KnigaRead.com/
KnigaRead.com » Проза » Русская современная проза » Алексей Арцыбушев - Милосердия двери. Автобиографический роман узника ГУЛАГа

Алексей Арцыбушев - Милосердия двери. Автобиографический роман узника ГУЛАГа

На нашем сайте KnigaRead.com Вы можете абсолютно бесплатно читать книгу онлайн Алексей Арцыбушев, "Милосердия двери. Автобиографический роман узника ГУЛАГа" бесплатно, без регистрации.
Перейти на страницу:

Варя. 1947 г.

Таким болотом я и был в то описываемое мною время. Лучом света, глотком чистой воды была для меня в те дни Варя, которой спустя двадцать пять лет я принес столько горя, и вину мою перед ней не излгадят время и смерть.

В скором времени я лишился радости по вечерам быть с Варей. Тоня проследила меня до ее порога и вошла в ее дом как моя жена, муж которой принимается в нем как свободный человек. Этого было достаточно, чтобы двери дома наглухо захлопнулись перед моим носом. Варя все знала от меня, а ее родители принимали меня как потенциального, возможного жениха и, быть может, мужа их дочери. Сделанное Тоней открытие истинного положения возмутило их покой, и «спокойной ночи» я был лишен. Когда таким образом думают удержать, реакция бывает обратной. Если в доме нет мира, то это его не принесет, а наоборот, усугубит неприязнь, усилит вражду. Мы нашли место, где встречаться, а из дому я ушел совсем, к приятелю, коменданту общежития, и ночевал у него. Я часто бывал у Ивана Ивановича; он был в курсе моих семейных дел и посмеивался: «Ну, мальчишка, ты, кажется, влип». Я его познакомил с Варей, которая ему очень пришлась по душе.

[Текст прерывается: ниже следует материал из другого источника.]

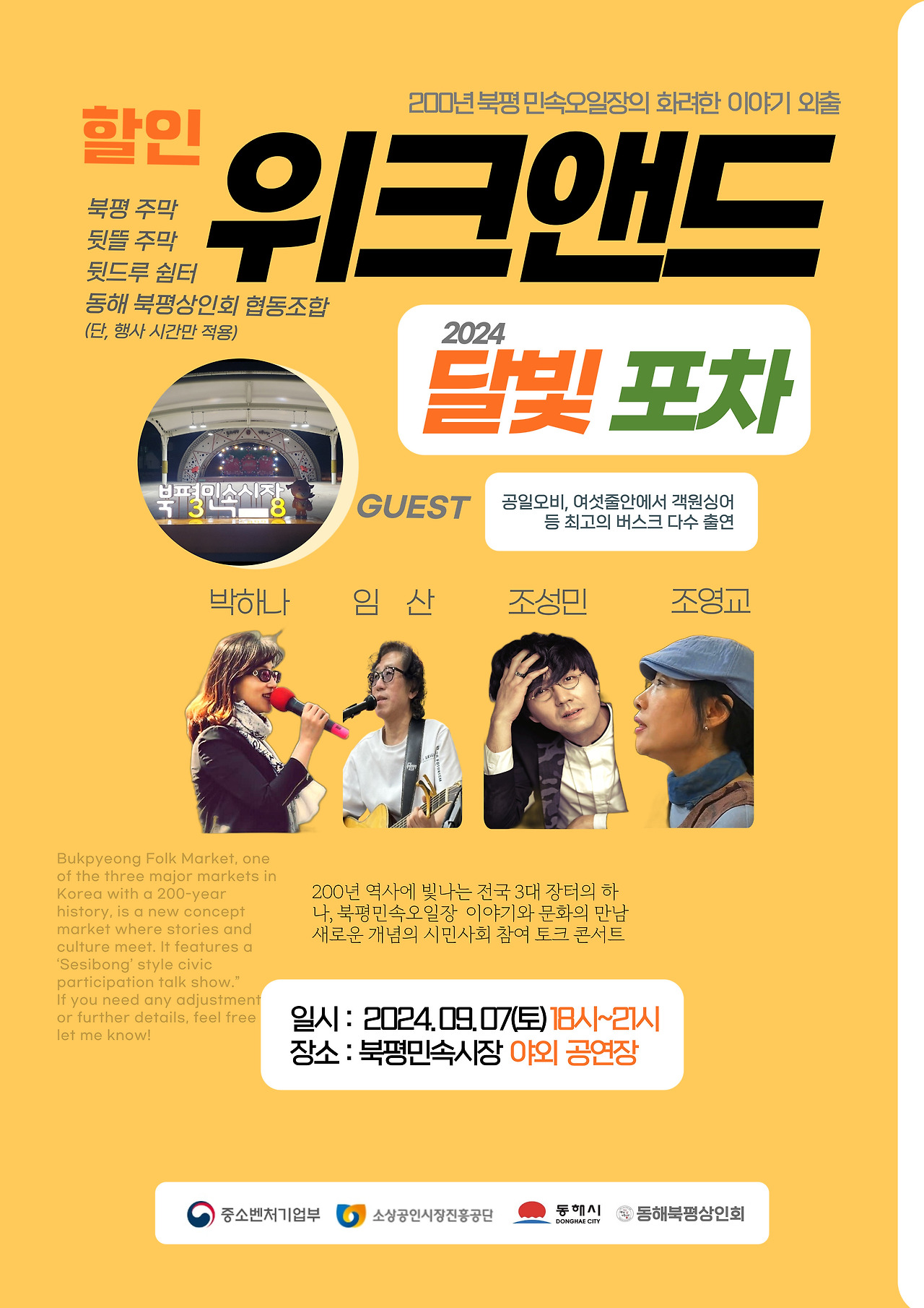 어느새 여름은 가고, 아침저녁으로 시원한 바람이 부는 가을이 다가왔다. 사람들은 일상 속에서 지나간 계절을 아쉬워하며 여운을 되새긴다. 하지만 우리에게는 아직 여름의 추억을 다시 불러올 기회가 남아 있다. 그 기회는 다름 아닌, 북평오일장 주말 밤시장, "위크앤드, 달빛포차"다. 평소 장날만 오가던 장터에서 역사와 이야기를 사고파는 진정한 문화시장이 열린다.

Иван Иванович был крестным отцом Саши, к Тоне он относился как рыцарь к женскому полу, особо не вдаваясь в наши внутренние дела, стоя в стороне. Я же и не докучал ему своими проблемами. Он для меня не был Коленькой, которому я выворачивал свою душу наизнанку, зная, что ни я, ни моя жизнь ему не безразличны. Ивану Ивановичу проще было дать мне двадцать тысяч, чем вникать в мой душевный ералаш и копаться в нем, выискивая жемчужное зерно. По его просьбе мои живописные работы посмотрел И. Э. Грабарь, который благосклонно отнесся к моему творчеству и сказал:

– Поступайте в Академию, вы там балластом не будете.

Он в то время был ректором Ленинградской Академии художеств, куда осенью я думал поступить, чтобы одновременно отодвинуться на семьсот километров от Тони. Загвоздка была только в том, что у меня не было документа об окончании десятилетки. Я усиленно искал пути заполучить хотя бы справочку, пусть липовую.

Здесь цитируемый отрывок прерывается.